Kitchens are one of the highest-risk workplaces for minor injuries — knives, hot oil, ovens, wet floors — and they add a hazard no office has: food contamination. That's why a kitchen first aid kit isn't just a normal kit kept near the fryer. This guide covers the catering kit contents list, why everything is blue, and what food-safety inspectors look for.
Why a kitchen needs a different kit
Three reasons a standard green-box kit falls short in a catering environment:
- Detectability. A skin-tone plaster that drops into a sauce is invisible. Catering plasters are blue — no food is naturally blue — and usually contain a metal strip so production-line metal detectors catch them.
- Burns. Kitchens produce far more burns and scalds than most workplaces, so catering kits carry more burn dressings — and many kitchens add a dedicated burns kit beside the cook line.
- Hygiene. Food handlers must cover wounds completely to keep working. Blue finger dressings, fingerstalls and gloves let a member of staff dress a cut and get back to work without breaching food-hygiene rules.
Kitchen first aid kit contents list (BS 8599-1 catering)
BS 8599-1 defines a specific catering variant of the workplace kit. A typical medium catering kit contains:
| Item | Typical qty (medium) | Why it's there |
|---|---|---|
| Guidance leaflet | 1 | Basic first-aid instructions |
| Blue detectable plasters (assorted) | 60 | Visible & metal-detectable if lost in food |
| Blue finger dressings | 3 | Covering fingertip cuts so staff can keep working |
| Sterile eye pads | 3 | Splashes from hot fat or cleaning chemicals |
| Triangular bandages | 3 | Slings and support |
| Safety pins | 12 | Securing bandages |
| Medium sterile dressings | 6 | Cuts and bleeding |
| Large sterile dressings | 2 | Larger wounds |
| Sterile saline wipes | 20 | Cleaning wounds |
| Blue nitrile gloves (pairs) | 9 | Infection control, food-safe colour |
| Foil blanket | 2 | Shock and warmth |
| Burn dressings | 2+ | Burns and scalds — the kitchen staple |
| Clothing shears | 1 | Cutting away clothing |
| Sterile adhesive tape | 1 | Securing dressings |
Quantities scale with kit size: small for kitchens with fewer than ~10 staff, medium for ~10–25, large for more — and step up a size for busy or high-risk kitchens. The exact provision should come from your first-aid needs assessment.
What kitchens should add beyond the standard kit
- Blue fingerstalls and fingertip plasters — the most-used items in a working kitchen; stock spares.
- Eye-wash pods — for hot-fat splashes and chemical cleaning products.
- Waterproof blue tape — to secure dressings under gloves in wet work.
- An accident book — kitchens generate frequent small incidents; every one should be logged.
What not to keep in it
No tablets or medicines — including paracetamol. And no skin-tone plasters anywhere in a food area: if an EHO (Environmental Health Officer) finds non-detectable plasters in your kitchen kit, expect it in the inspection report.
What inspectors check
Kitchen first aid provision gets looked at from two directions: food-safety inspections (EHO, feeding into your hygiene rating) and health & safety duties under the First-Aid Regulations 1981. Both boil down to the same three questions:
- Is the kit stocked to a recognised standard for catering?

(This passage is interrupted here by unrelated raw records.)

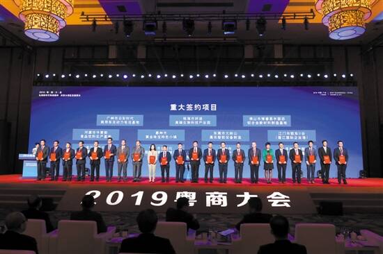 ■昨日,2019年粤商大会在长隆国际会议中心举行。图为重大项目签约仪式,代表上台签约并合影。 |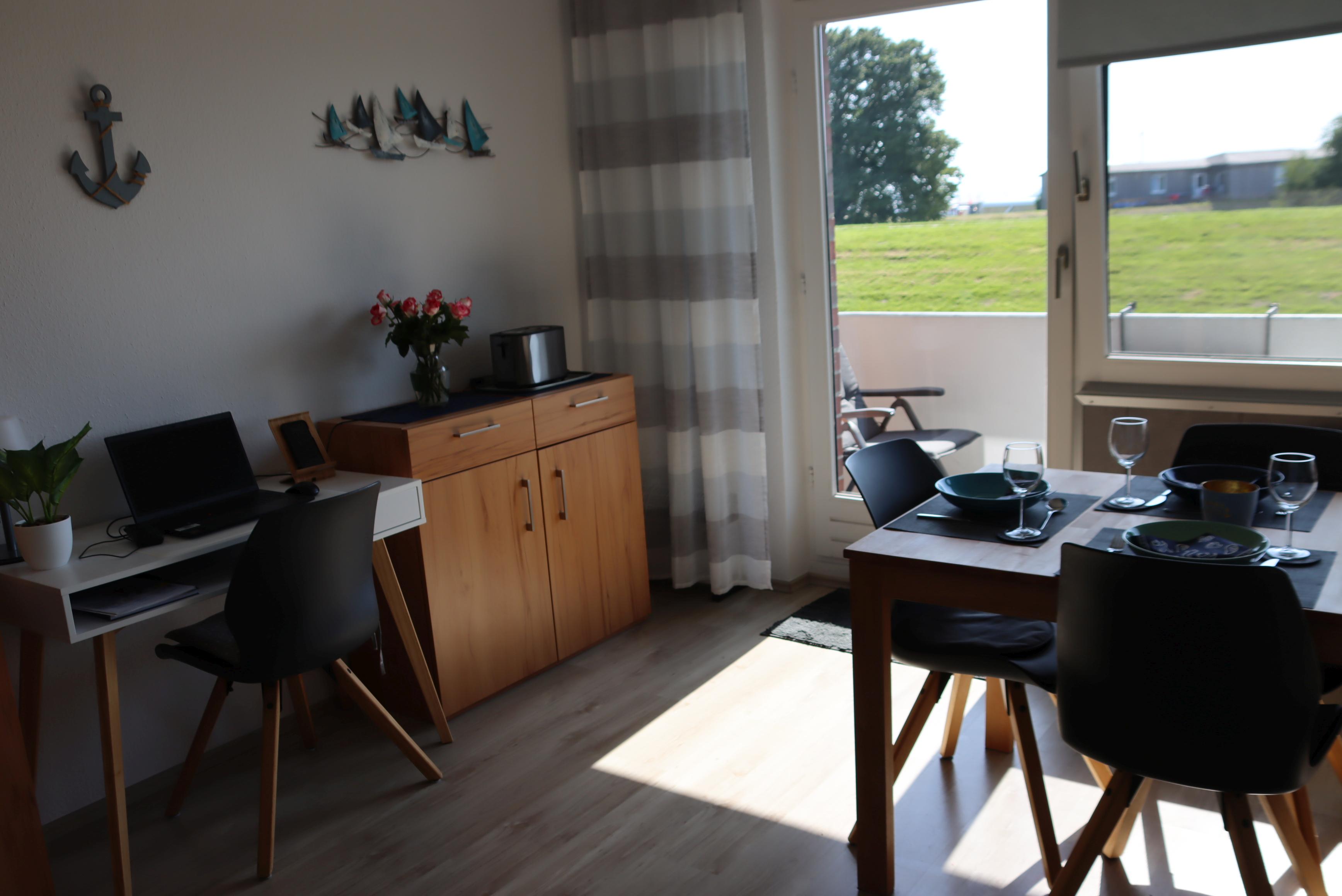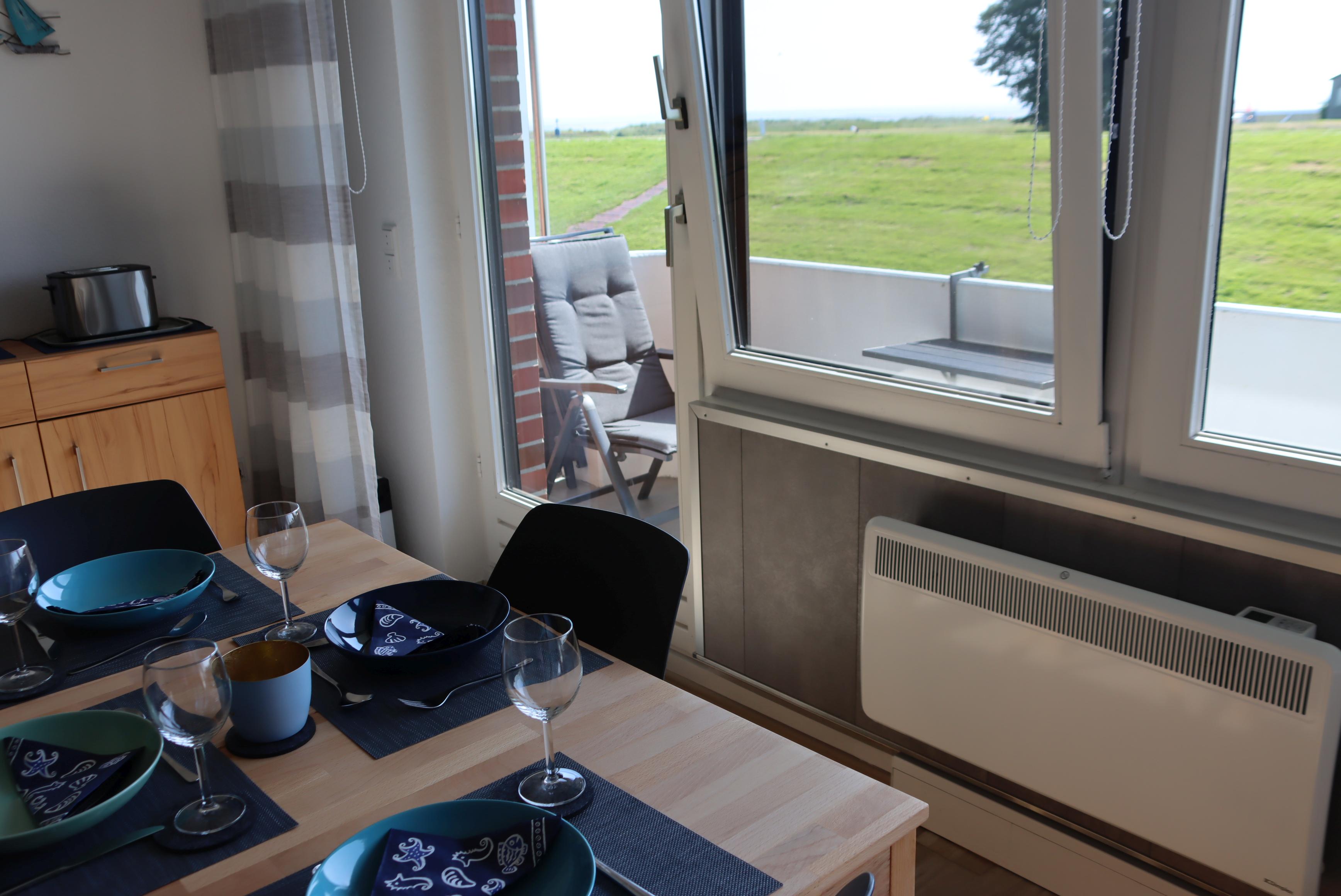 Die Wohnung befindet sich direkt am Deich und bietet vom Wohn-/Esszimmer und vom Balkon einen wunderbaren Meerblick!
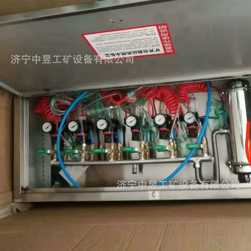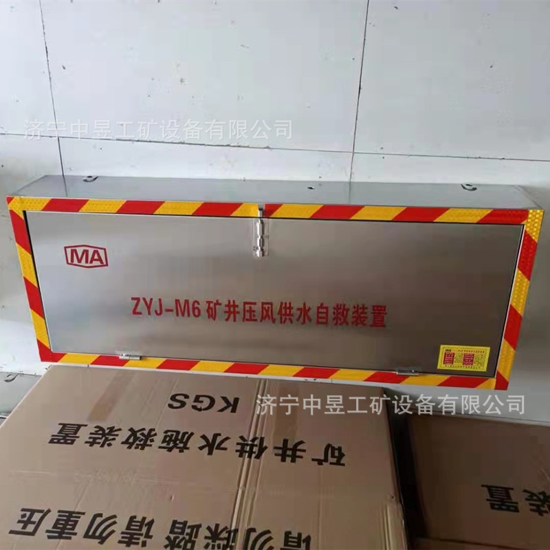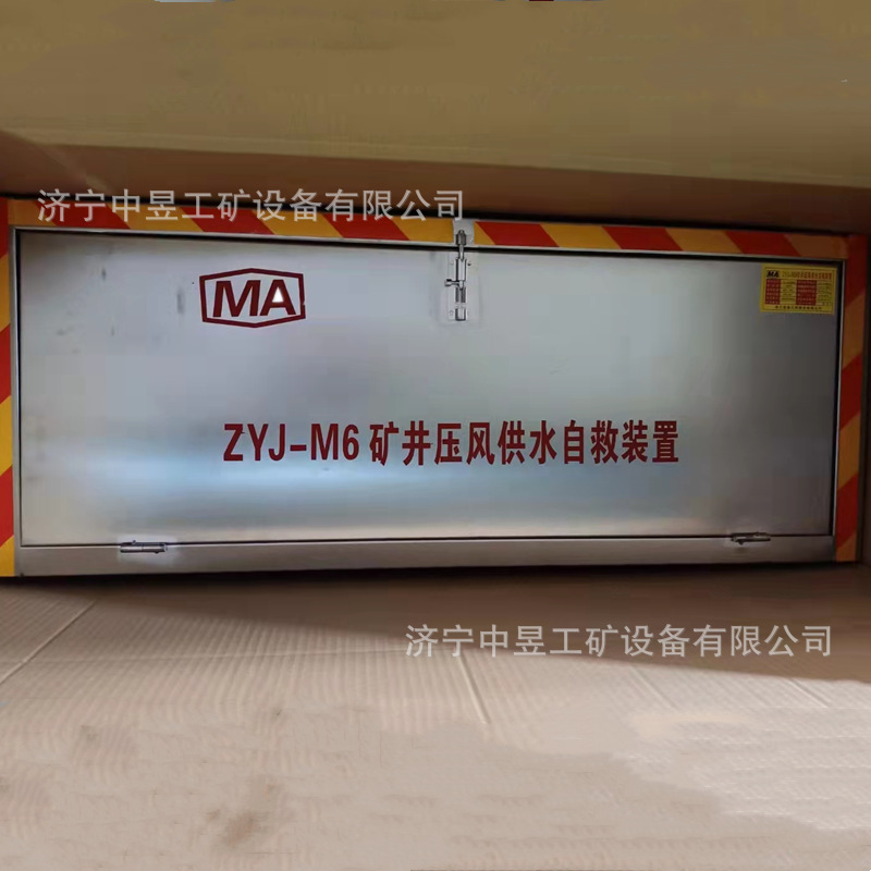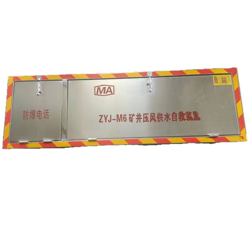 ZYJ压风供水自救装置安装时,先将减压阀压力调至最低,即用随设备配的内六角板手,拧开减压阀螺帽,逆时针方向调到底,压力表显示为零。然后接好井下供水管道。顺时针方向缓缓调整减压阀,待压力表指针指向(0.5Mpa)时,停止调整,并拧上调节孔螺帽,再逐个打开每个供水阀门,看每个供水管是否有足够清洁水流出。若供水正常,请关上供水装置箱门,插好箱门插销。如在紧急情况下,井下人员需要施救饮水时,则打开箱门,再打开相应出水口的阀门,就可以直接喝上干净的水,以等待及时的救援。注意:不能猛力拉拽!
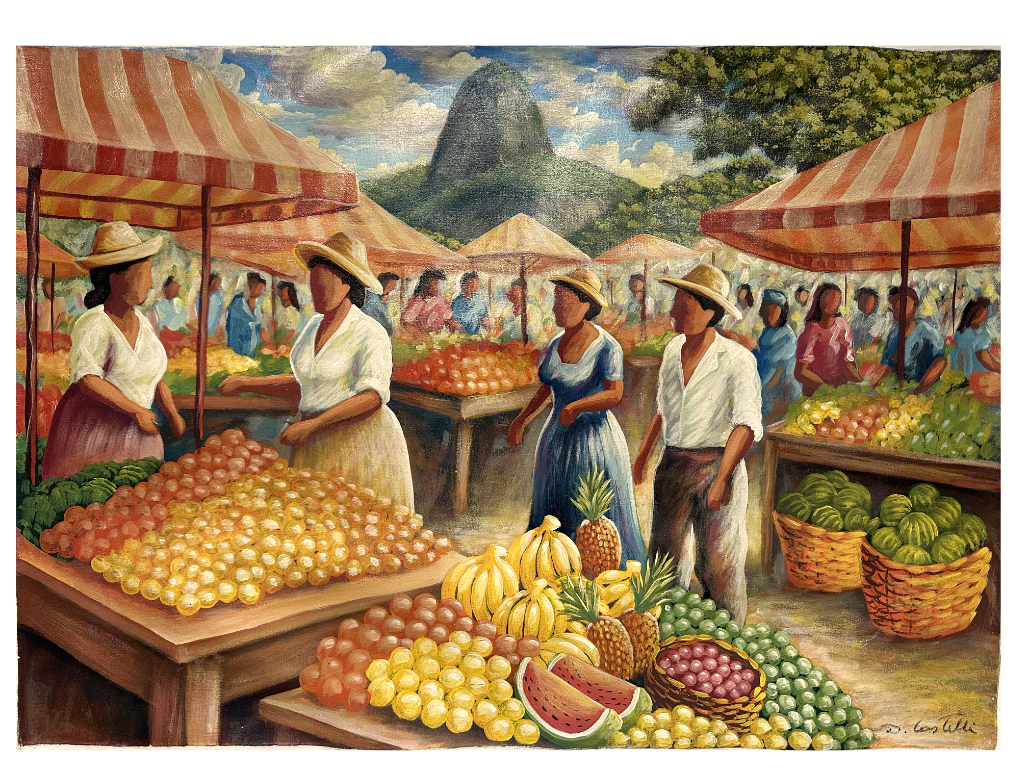 Das Gemälde „Obstmarkt im bunten Rio de Janeiro“ zeigt eine lebendige Marktszene in Rio de Janeiro, mit dem markanten Zuckerhut im Hintergrund, der majestätisch über der Szenerie aufragt. Unter rot-weiß gestreiften Sonnendächern bieten zahlreiche Händlerinnen und Händler ihre Waren an.
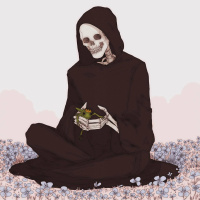 На картинке изображен скелет, одетый во что-то похожее на монашескую рясу. Он сидит на земле, окруженный цветами и сорняками, что наводит на мысль о том, что он находится на открытом воздухе. Скелет сложил руки в жесте, который можно интерпретировать как молитву или медитацию. Общая атмосфера картины безмятежна и в то же время мрачна из-за присутствия скелета.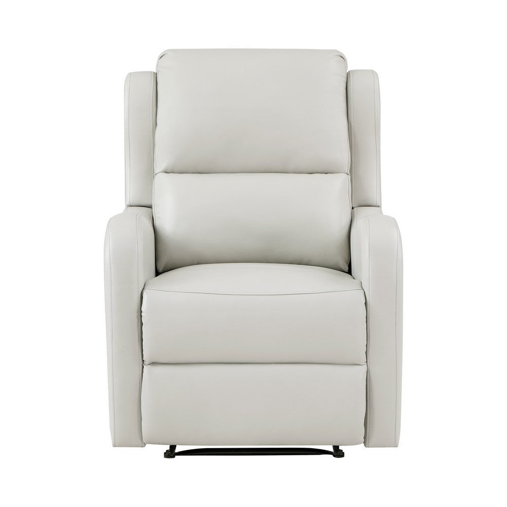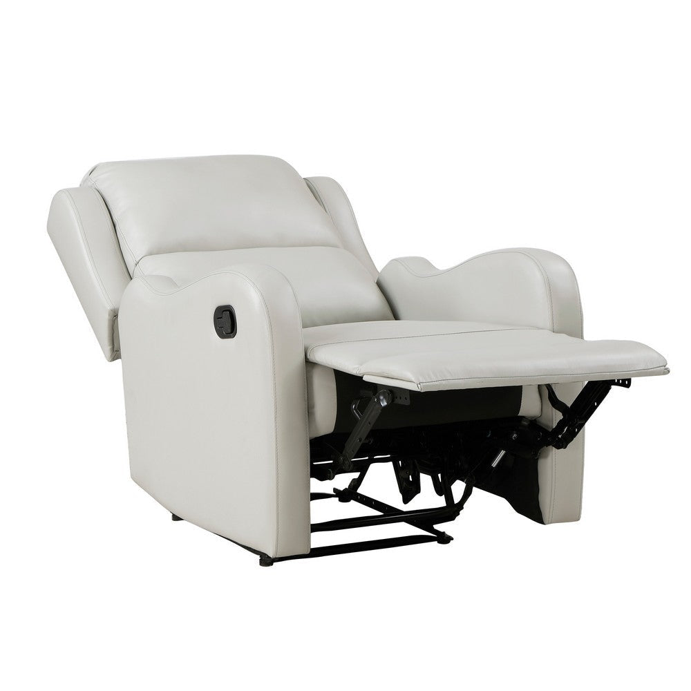 Kim 38 Inch Manual Recliner Chair, Off White Faux Leather, Solid Wood By Casagear Home

- Is everything in date? Saline, dressings and burn products all expire.
- Can you show it's checked regularly — with a record?
KitCompliance keeps that third answer easy: build your catering kit once, set the expiry dates, and get reminded before anything lapses — with a PDF log you can hand to an EHO on the spot. Use the printable first aid kit checklist for your monthly check, or track it digitally free.
Frequently asked questions
Why do kitchen first aid kits use blue plasters?
Blue is not a natural food colour, so a lost plaster is easy to spot in food. Most catering plasters also contain a metal strip so production-line detectors catch them.
Is a catering first aid kit a legal requirement?
The law requires "adequate and appropriate" equipment for your risks. In a kitchen those risks include cuts, burns and contamination — so a standard kit is unlikely to be adequate, and a BS 8599-1 catering kit is the accepted way to comply.
What size catering kit do I need?
Small for under ~10 staff, medium for ~10–25, large above that — sized up for busy kitchens.
Can the kit contain paracetamol?
No. Workplace first aid kits shouldn't contain tablets or medicines of any kind.